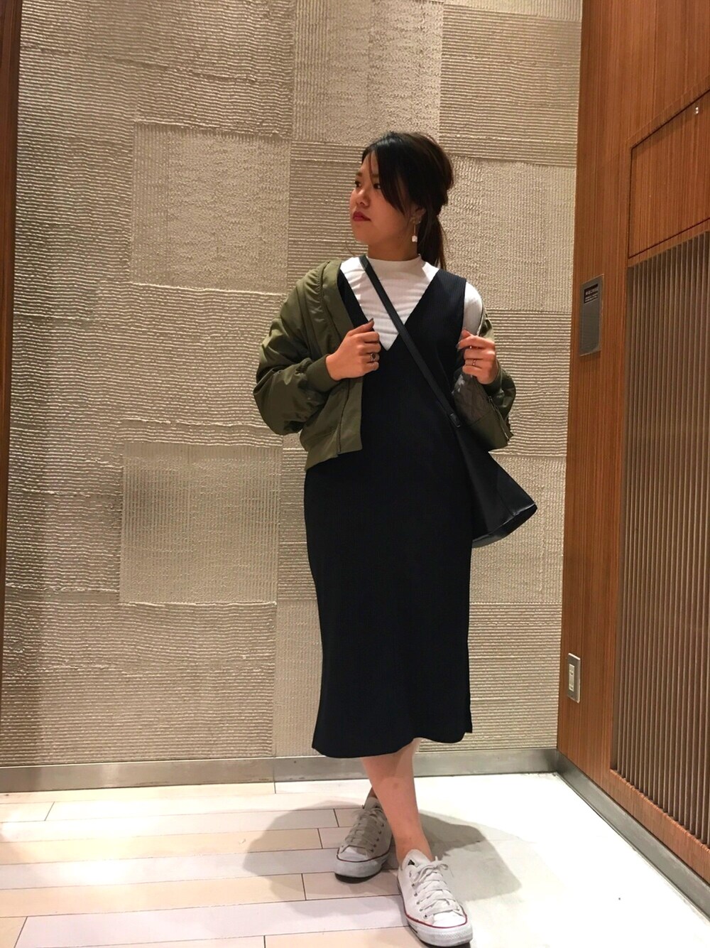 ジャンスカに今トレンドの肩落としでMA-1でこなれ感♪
---
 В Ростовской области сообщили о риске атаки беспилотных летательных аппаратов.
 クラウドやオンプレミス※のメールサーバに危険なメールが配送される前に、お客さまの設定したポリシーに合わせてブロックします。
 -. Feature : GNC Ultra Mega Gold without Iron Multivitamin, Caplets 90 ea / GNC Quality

Your instructions -> Write out exactly the lines above from the line with "クラウドやオンプレミス※のメ" through the line with "-. Feature : GNC", both of them included, and leave out all other lines.

Solution for this problem ->
 クラウドやオンプレミス※のメールサーバに危険なメールが配送される前に、お客さまの設定したポリシーに合わせてブロックします。
 -. Feature : GNC Ultra Mega Gold without Iron Multivitamin, Caplets 90 ea / GNC Quality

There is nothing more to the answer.